Remarkably, when exposed to combined stimulation, DPSCs, PDLSCs, and GMSCs exhibited the highest expression levels of osteogenic and odontogenic markers. These gene expression outcomes underscored the synergistic effect of PBM and LIPUS in enhancing the osteogenic and odontogenic differentiation of dental MSCs. The results emphasize the uniqueness of gene expression in different cell types. Varying cell types have distinct responses to treatments, potentially influencing tissue engineering and regenerative medicine approaches that target specific cell populations. Furthermore, notable disparities in gene expression between the treatment and control groups emphasize the influence of treatments on regulating these genes.

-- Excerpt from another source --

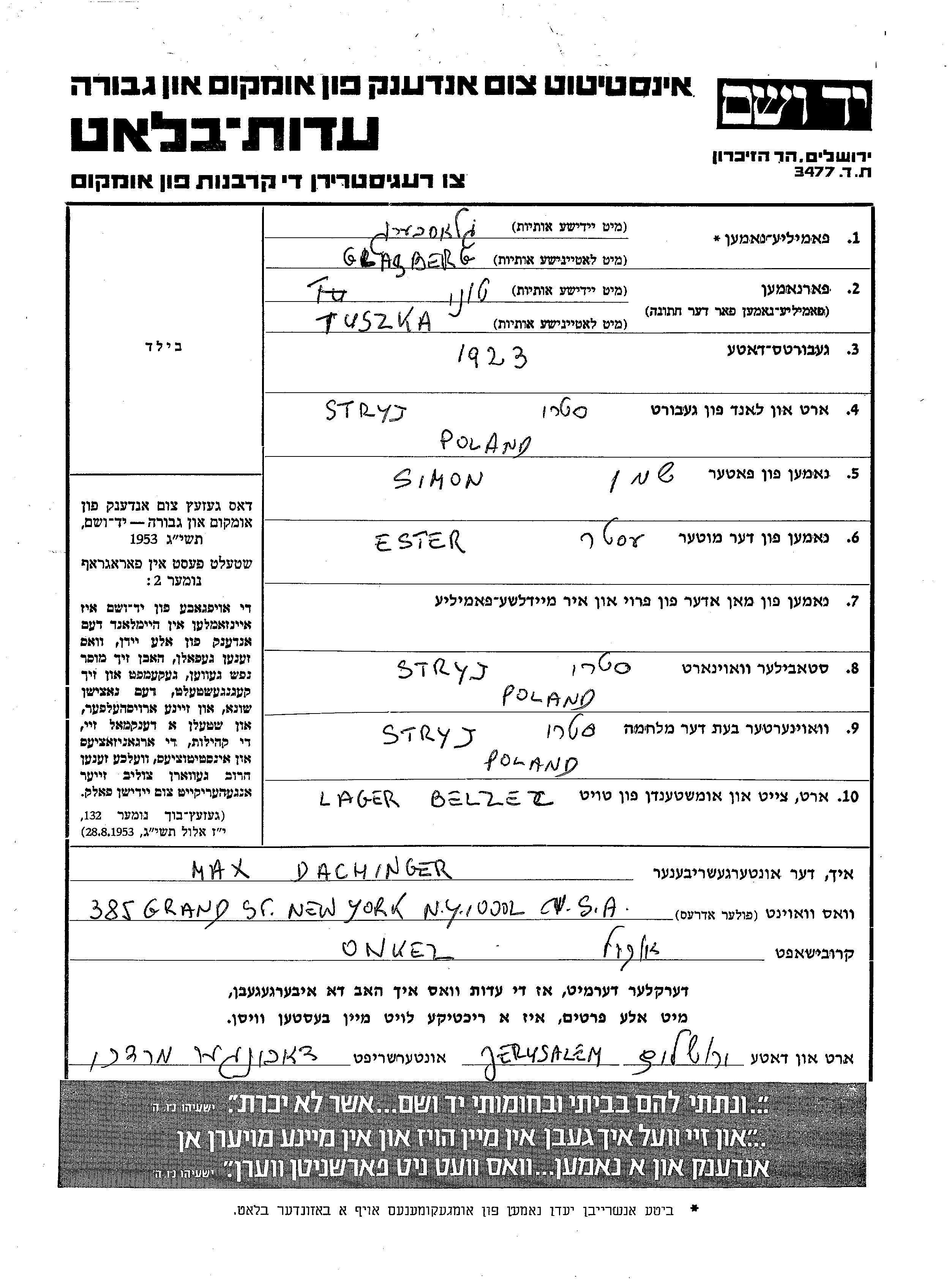 Glasberg Tuszka Toni 1923 Stryj, Pologne Feuille de témoignage

In summary, the study indicates that the simultaneous use of PBM and LIPUS can enhance the results of different dental procedures requiring tissue regeneration and healing. Moreover, the uniform response of all three types of stem cells to the combined therapy underscores the adaptability of this method. Such versatility can streamline treatment methods and decrease the requirement for individualized stem cell selection, enhancing the accessibility and efficiency of cell-based regenerative dentistry. Furthermore, our study emphasizes the importance of carefully choosing the cell source in the field of regenerative dentistry. It is vital to note that selecting the appropriate cell source is crucial in tissue engineering procedures aimed at targeting tissue specificity.

Limitations of this study include the lack of a more extensive gene expression analysis to provide a deeper understanding of the molecular mechanisms underlying the observed benefit of combined PBM and LIPUS stimulation. Moreover, in vivo experiments are necessary to validate the findings of this study.

Conclusions

The study demonstrates that the synergistic use of PBM and LIPUS significantly enhances the proliferation and differentiation properties of dental MSCs. These findings support their dual use in regenerative dentistry, particularly for dental and craniofacial tissue engineering. Moreover, the differential responses of DPSCs, PDLSCs, and GMSCs to PBM and LIPUS stimulation underscore the importance of cell source selection in cell-based tissue engineering strategies to target tissue specificity.